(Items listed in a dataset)
__________
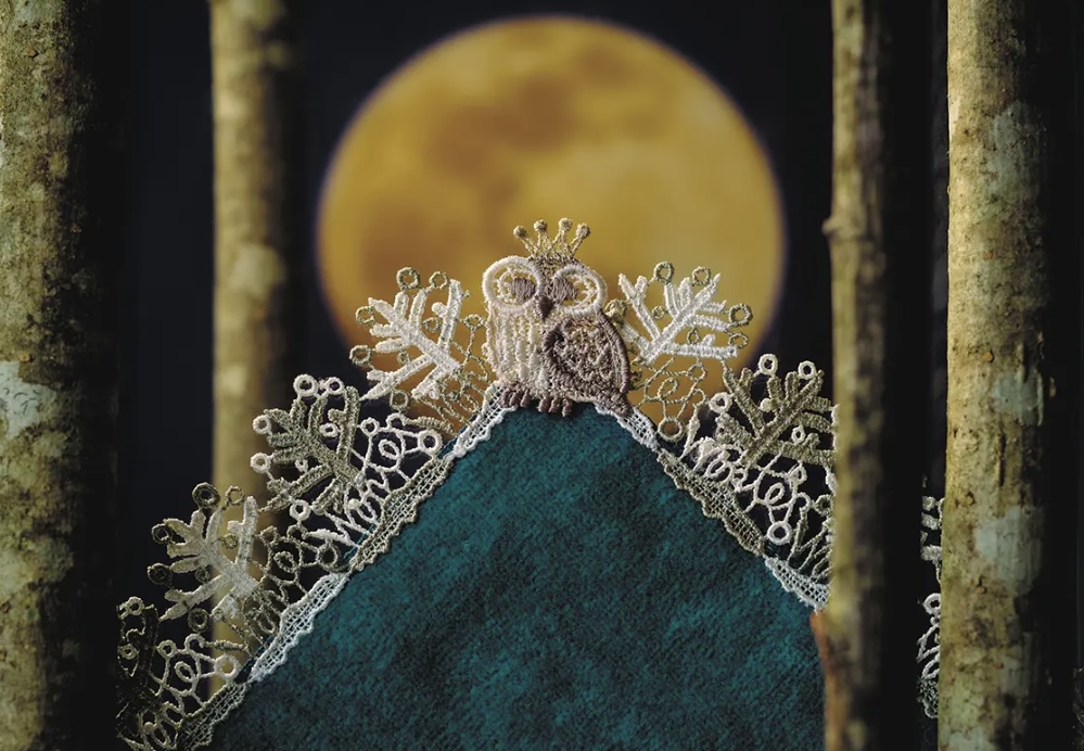 秋を飛ばして一気に冬のタイトルがついています。レースには雪化粧をした木々とwinter(冬)の文字が表現されていて梟がより洗練されて見えます。
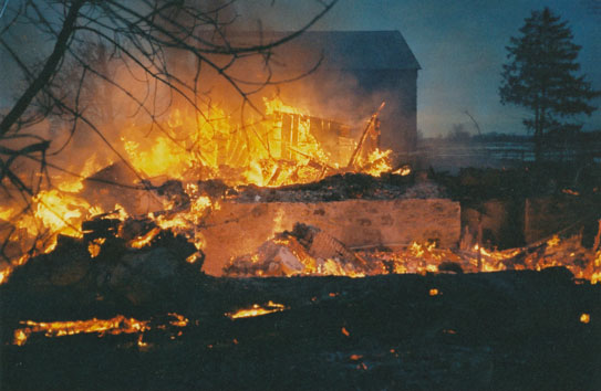 We arranged to burn down an old farmhouse in Ontario Canada and the local fire department agreed to supervise the fire. The viewer sees and hears the firemen running past the burning house in 3D audio.
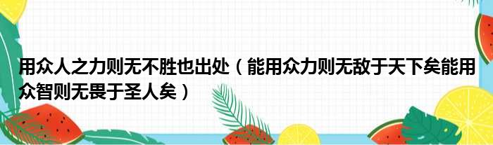 用众人之力则无不胜也出处(能用众力则无敌于天下矣能用众智则无畏于圣人矣)
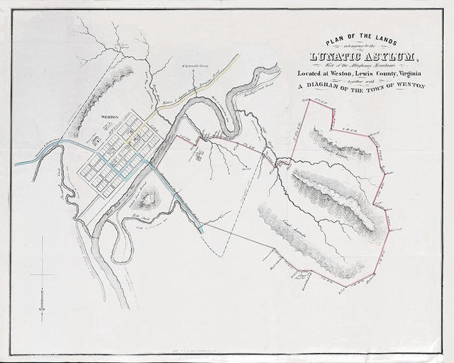 1863 Map Plan of Weston Lunatic Asylum Lewis County West Virginia - Heavy Weight Matte is backordered and will ship as soon as it is back in stock.
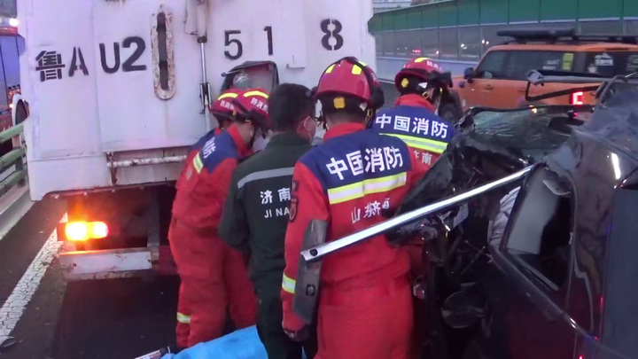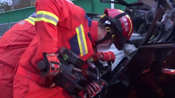 10月30日6时,济南市历下区二环东高架南向北方向发生一起车祸,一名人员被困,情况十分紧急。接到报警后,济南市消防救援支队茂岭山消防救援站消防救援人员立即赶赴现场。
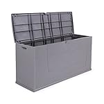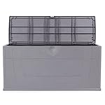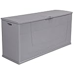 Für mehr Sicherheit können Sie die Truhe mit einem Vorhängeschloss (nicht im Lieferumfang) zu Ende bringen. Das Gewicht von trotzdem ca. 6 kg und die praktischen Griffe sorgen dafür, dass sich der Transport dieser Gartenbox einfach gestaltet und diese also flexibel einsetzbar ist. Durch den hochwertigen und wetterbeständigen Kunststoff wird keine Staunässe zugelassen und mithilfe der Belüftung für ein gutes Mikroklima gesorgt. Dessen ungeachtet ist dieses Material leicht mit einem Neutralreiniger zu säubern.
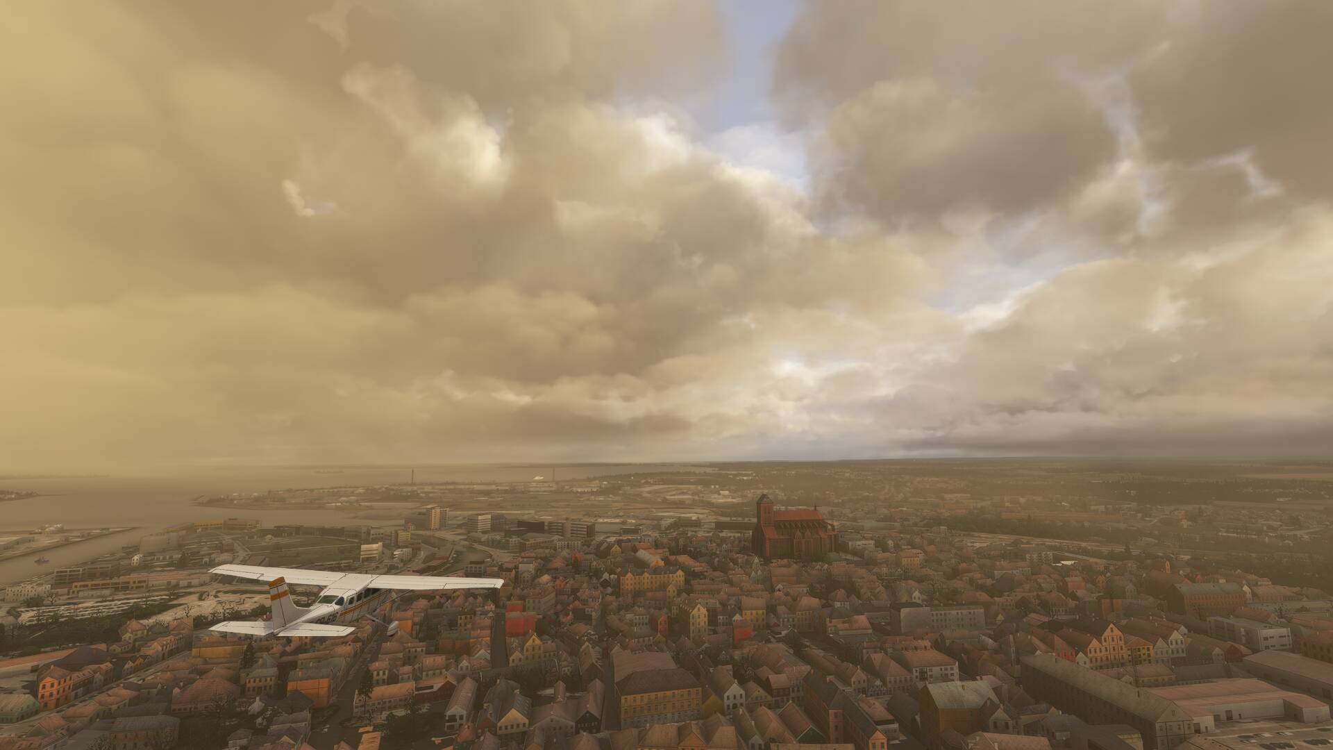 Since I’m unable to travel much in the upcoming years I decided to start a major sightseeing tour in MSFS 2024 instead. I began with a one-hour tour across stormy Schleswig-Holstein, the northernmost state of Germany.
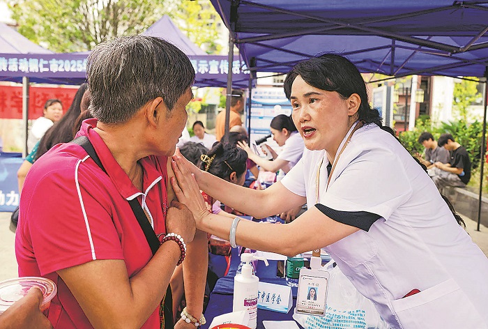 當(dāng)日,銅仁市中醫(yī)院開(kāi)展健康義診活動(dòng)。醫(yī)生走進(jìn)萬(wàn)山區(qū)丹都街道旺家社區(qū),免費(fèi)給市民進(jìn)行血壓、血糖、視力等檢查,深受群眾贊譽(yù)。本報(bào)通訊員 胡攀學(xué) 攝
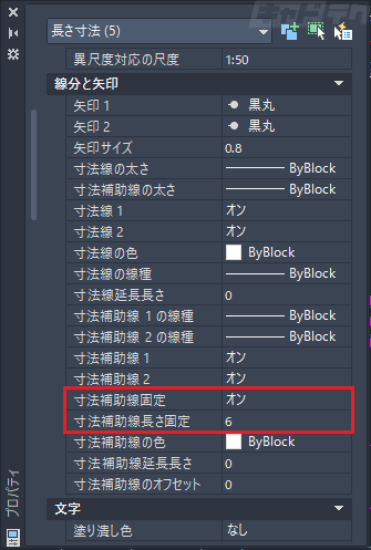 [線分と矢印]欄の[寸法補助線固定]をオン→[寸法補助線長さ固定]に値を入力
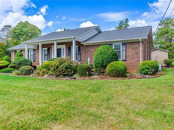 Welcome to this charming brick ranch home situated on a generous half-acre lot in Alamance County! Featuring formal living and dining room, eat-in kitchen w/granite countertops, den w/fireplace, 3 spacious bedrooms and 2 baths. Primary w/private bath. Carport with large storage closet & shed. Enjoy the spacious backyard with patio, perfect for outdoor gatherings. The covered front porch is the perfect place to enjoy a glass of sweet tea. Convenient to I85/40 for an easy commute to triad and triangle. Roof 2023! Vinyl Windows!
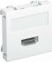 Multimediaträger mit einer HDMI Anschlussbuchse, Kabelauslass gerade, mit Beschriftungsfeld, HDMI Buchse mit Schraubanschluss. Trägerplatte mit Rastbefestigung, geeignet für den waagerechten und senkrechten Einbau in die Systemumgebung.
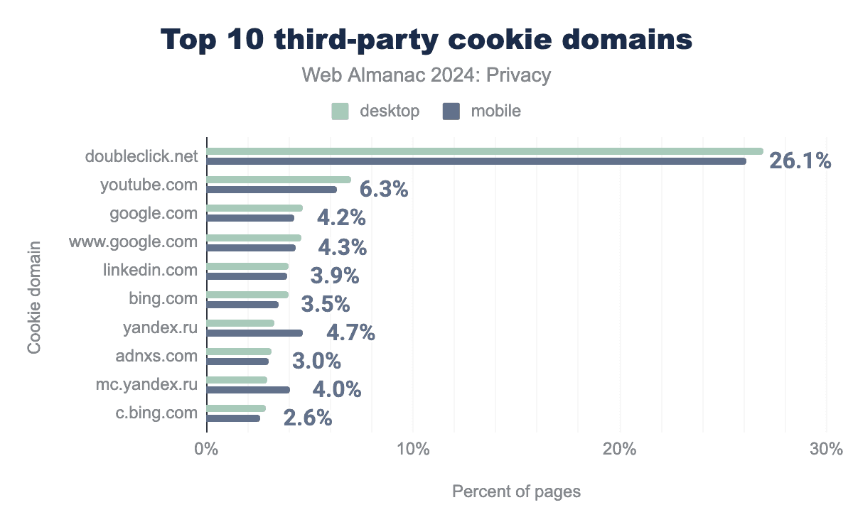 サードパーティCookieは、ウェブ上でユーザーを追跡するために使用される主要なメカニズムです。私たちの測定では、Googleのdoubleclick.comがサードパーティCookieの最大のソースであり、クロールされたウェブページの4分の1以上に存在することが明らかになりました。2022年の分析と比較して、サードパーティCookieのトップソースはほぼ静的なままであり、以前は2番目に大きなサードパーティCookieのソースであったFacebookが著しく欠けています。しかし、次のセクションで示すように、代わりにファーストパーティのコンテキストでFacebookによって設定された多数のCookieが見られます。
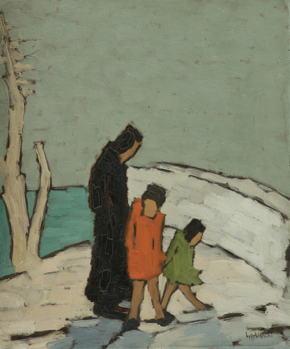 Beppe Bianchi Figure Olio su tavola, cm. 47x40 Firmato in basso a destra.
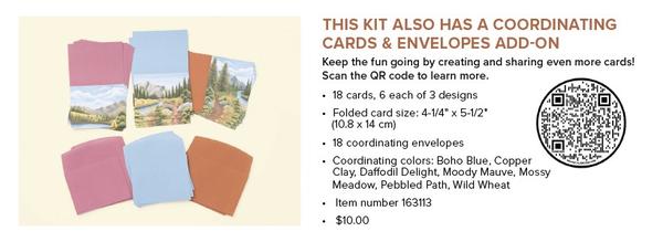 And there is an Add-on too!Exploring In Color Cards & Envelopes Available starting: 2 May, while supplies last Item number: 163113 Price: $13.75 This add-on includes - 18 cards, 6 each of 3 designs
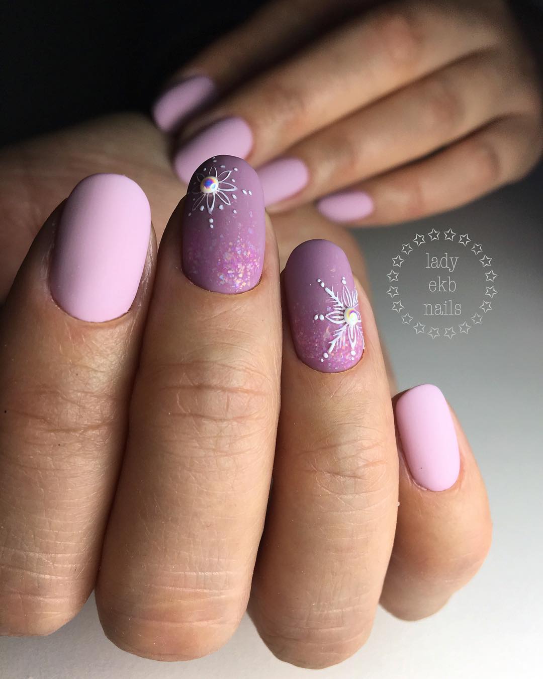 В этом праздничном Новогоднем сезоне, минималистичный дизайн прекрасно впишется в любого цвета Новогодний наряд. Очень стильно и легко будут смотреться пастельные цвета с небольшими акцентами в виде рисунка снежинки, нескольких аккуратных страз или каплей блесток.
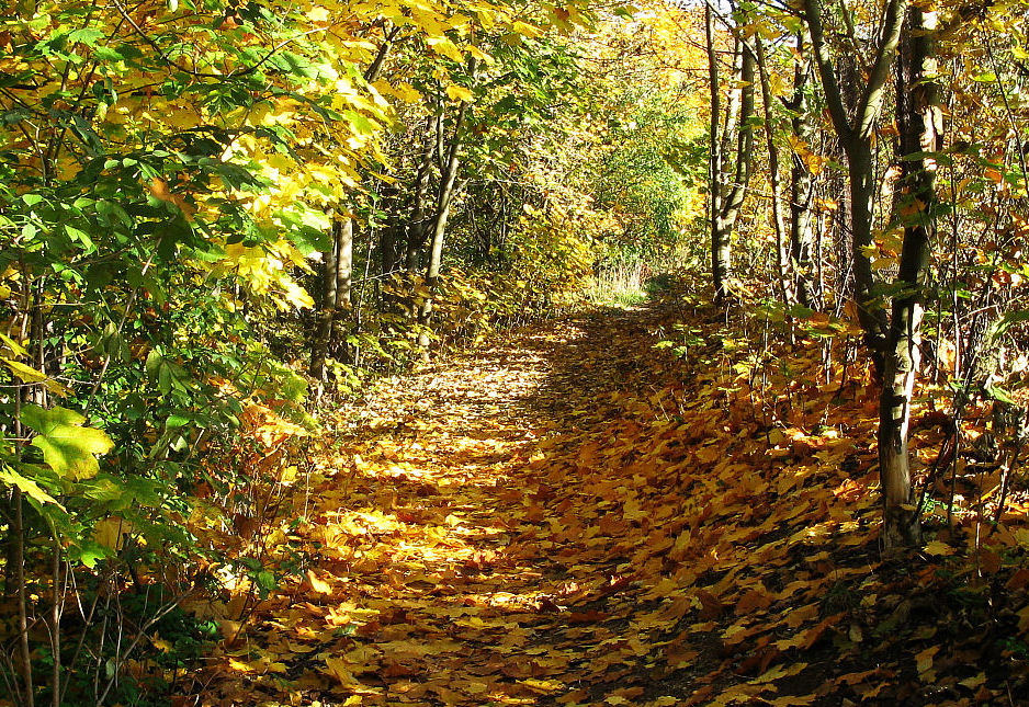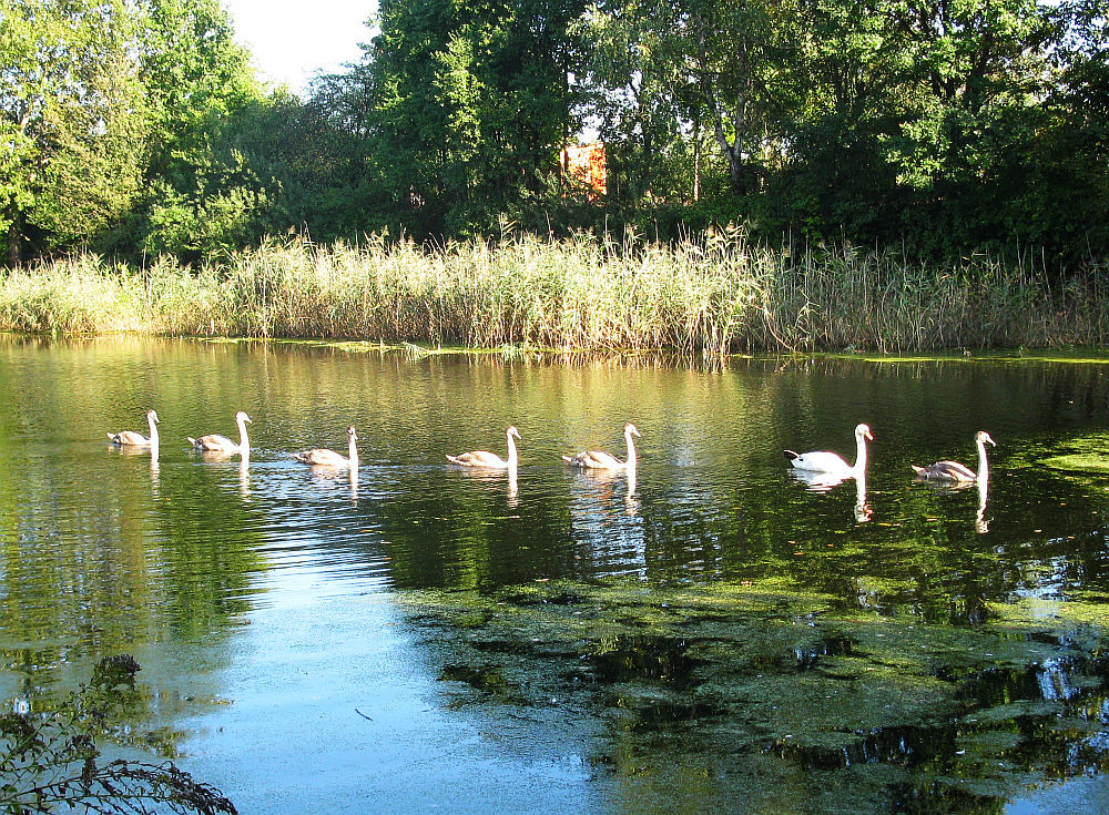 do łabędzi. Ścieżką poprzez gęste zarośla,
__________
ABOUT THIS EXERCISE
Return the lines exactly as they stand, from the start of the entries through the line holding "用众人之力则无不胜也出处(能用众力则无敌于天下矣能用众智则无畏于圣人矣)"; omit the pictures.

YOUR SOLUTION
 秋を飛ばして一気に冬のタイトルがついています。レースには雪化粧をした木々とwinter(冬)の文字が表現されていて梟がより洗練されて見えます。
 We arranged to burn down an old farmhouse in Ontario Canada and the local fire department agreed to supervise the fire. The viewer sees and hears the firemen running past the burning house in 3D audio.
 用众人之力则无不胜也出处(能用众力则无敌于天下矣能用众智则无畏于圣人矣)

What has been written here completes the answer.